Problem:
In the material below, the lines between the one holding "Quando le cozze" and the one holding "A group of people", inclusive, are to be set down word for word. Pictures stay out.

Records provided:
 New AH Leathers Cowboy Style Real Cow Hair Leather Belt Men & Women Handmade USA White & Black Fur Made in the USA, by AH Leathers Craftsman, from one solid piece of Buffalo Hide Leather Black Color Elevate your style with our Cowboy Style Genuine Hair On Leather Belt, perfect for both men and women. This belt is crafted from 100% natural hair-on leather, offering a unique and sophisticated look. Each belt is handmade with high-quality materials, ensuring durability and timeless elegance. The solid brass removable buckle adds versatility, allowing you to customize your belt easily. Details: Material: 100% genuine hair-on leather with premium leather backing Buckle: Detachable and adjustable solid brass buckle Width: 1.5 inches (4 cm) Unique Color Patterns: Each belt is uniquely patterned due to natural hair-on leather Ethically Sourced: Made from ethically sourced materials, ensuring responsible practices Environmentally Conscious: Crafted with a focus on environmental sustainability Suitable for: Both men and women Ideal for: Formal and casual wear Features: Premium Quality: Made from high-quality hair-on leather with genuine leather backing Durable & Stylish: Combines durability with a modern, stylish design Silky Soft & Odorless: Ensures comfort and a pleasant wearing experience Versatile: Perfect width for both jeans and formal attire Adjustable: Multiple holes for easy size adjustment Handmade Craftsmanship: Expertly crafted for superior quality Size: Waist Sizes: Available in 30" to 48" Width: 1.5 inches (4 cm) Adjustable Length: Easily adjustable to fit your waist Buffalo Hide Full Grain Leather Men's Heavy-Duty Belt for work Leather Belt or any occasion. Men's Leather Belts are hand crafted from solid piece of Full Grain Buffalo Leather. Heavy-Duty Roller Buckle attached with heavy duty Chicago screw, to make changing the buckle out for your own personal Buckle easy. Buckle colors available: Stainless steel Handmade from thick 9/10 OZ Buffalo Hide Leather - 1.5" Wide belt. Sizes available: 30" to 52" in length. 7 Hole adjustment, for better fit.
==
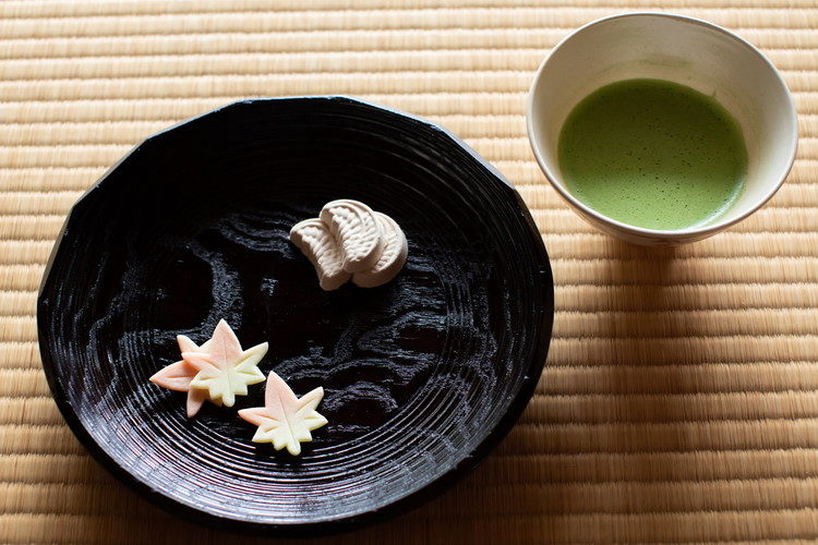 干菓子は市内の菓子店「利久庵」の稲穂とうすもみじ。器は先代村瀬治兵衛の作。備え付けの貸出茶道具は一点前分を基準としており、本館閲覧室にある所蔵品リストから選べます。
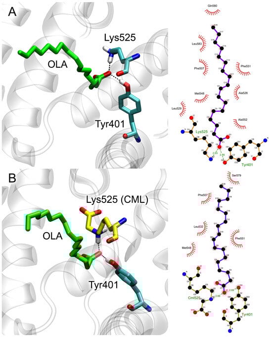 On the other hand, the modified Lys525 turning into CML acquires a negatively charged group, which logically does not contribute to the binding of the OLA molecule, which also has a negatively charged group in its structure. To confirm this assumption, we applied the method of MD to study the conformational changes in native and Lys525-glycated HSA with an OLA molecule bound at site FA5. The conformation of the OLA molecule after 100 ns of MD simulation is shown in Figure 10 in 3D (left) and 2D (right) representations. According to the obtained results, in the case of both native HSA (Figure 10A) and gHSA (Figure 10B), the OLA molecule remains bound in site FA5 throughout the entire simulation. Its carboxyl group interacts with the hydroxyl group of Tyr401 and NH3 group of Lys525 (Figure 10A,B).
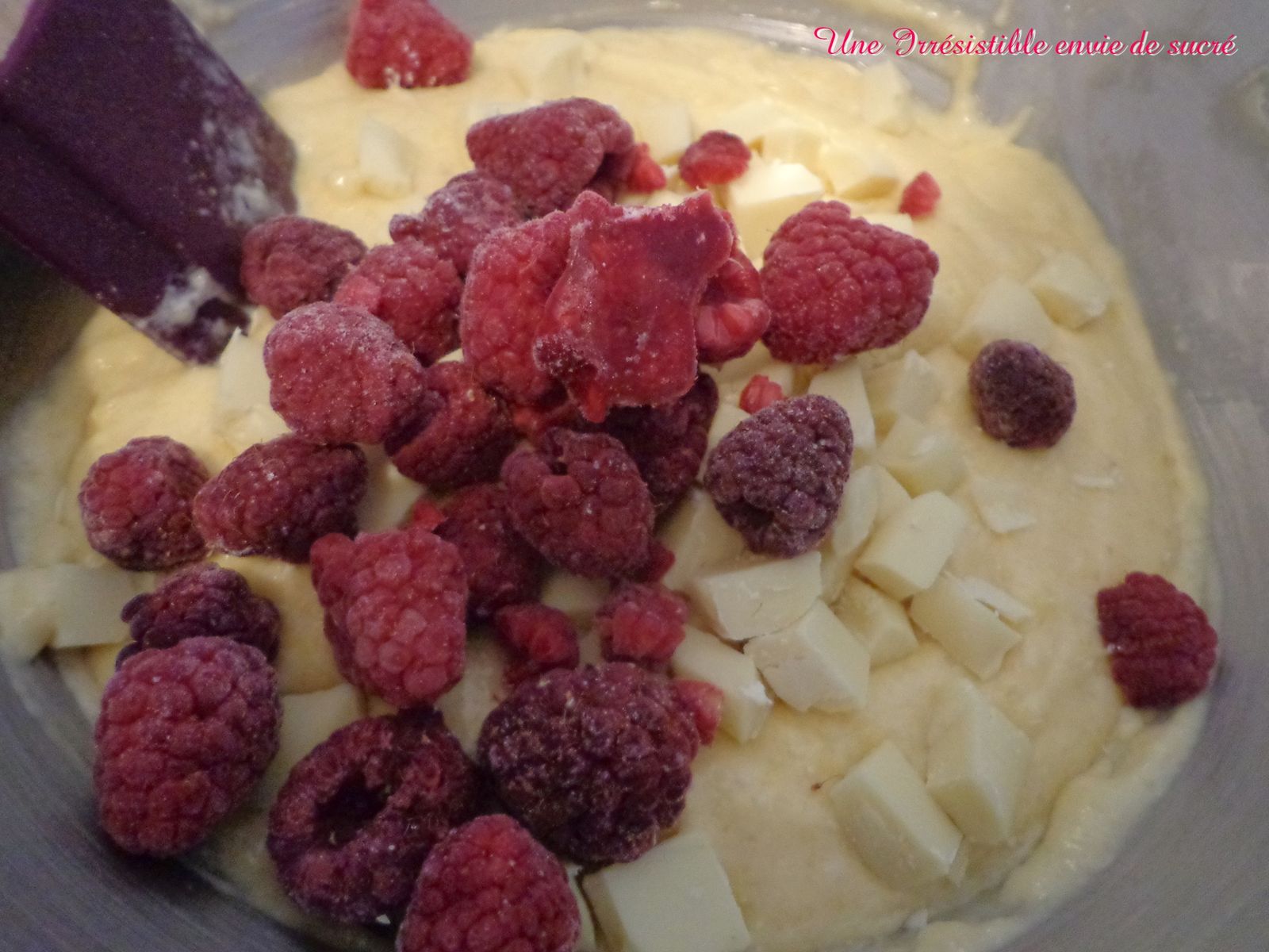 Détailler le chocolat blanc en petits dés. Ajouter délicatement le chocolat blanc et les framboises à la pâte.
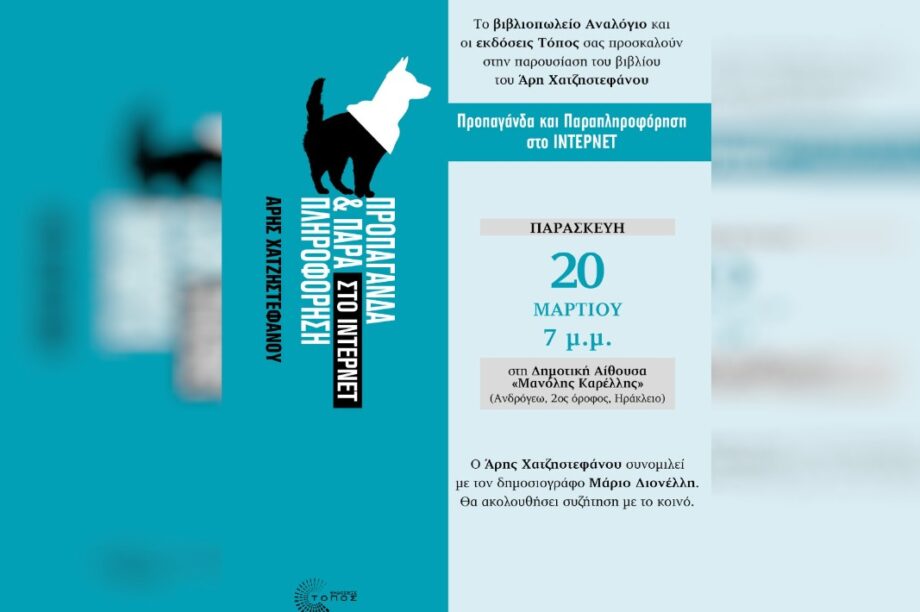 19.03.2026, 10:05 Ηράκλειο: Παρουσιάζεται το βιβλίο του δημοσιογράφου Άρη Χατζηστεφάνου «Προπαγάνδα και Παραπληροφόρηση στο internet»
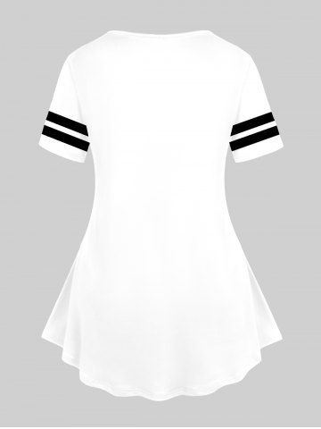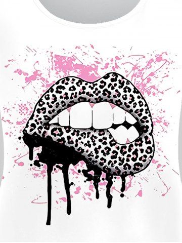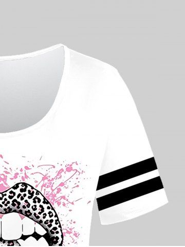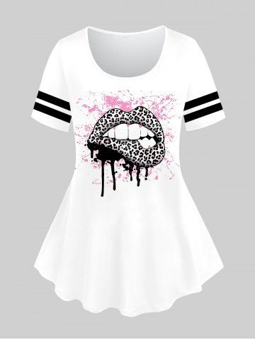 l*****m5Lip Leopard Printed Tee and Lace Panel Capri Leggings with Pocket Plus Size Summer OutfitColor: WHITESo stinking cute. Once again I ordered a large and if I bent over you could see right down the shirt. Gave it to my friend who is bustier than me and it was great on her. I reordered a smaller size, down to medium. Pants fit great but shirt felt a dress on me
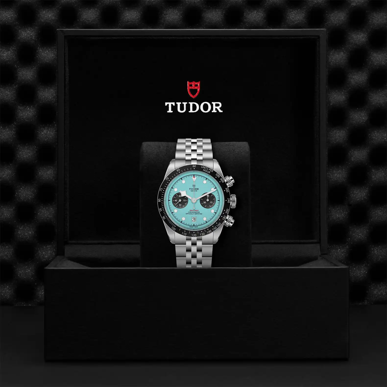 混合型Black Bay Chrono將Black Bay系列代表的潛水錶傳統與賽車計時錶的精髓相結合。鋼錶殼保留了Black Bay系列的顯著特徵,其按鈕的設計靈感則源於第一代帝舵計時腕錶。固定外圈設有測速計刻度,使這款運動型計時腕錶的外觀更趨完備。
==
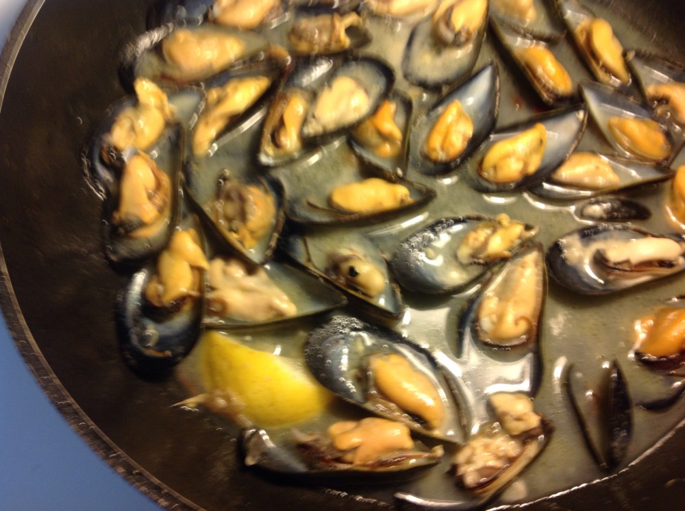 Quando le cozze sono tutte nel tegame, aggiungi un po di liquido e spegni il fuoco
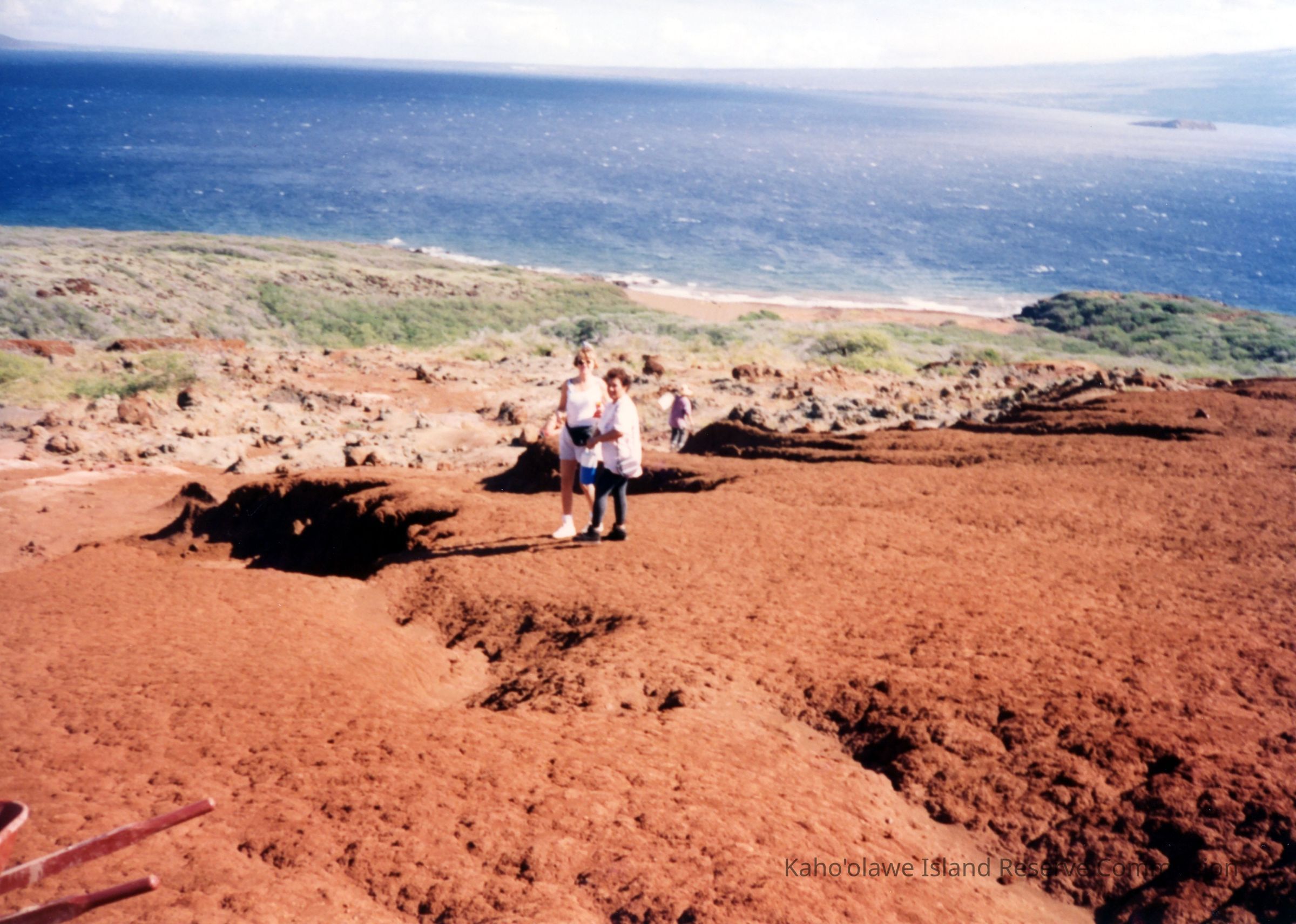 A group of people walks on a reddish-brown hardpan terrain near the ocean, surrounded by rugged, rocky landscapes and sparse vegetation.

Response to the task:
 Quando le cozze sono tutte nel tegame, aggiungi un po di liquido e spegni il fuoco
 A group of people walks on a reddish-brown hardpan terrain near the ocean, surrounded by rugged, rocky landscapes and sparse vegetation.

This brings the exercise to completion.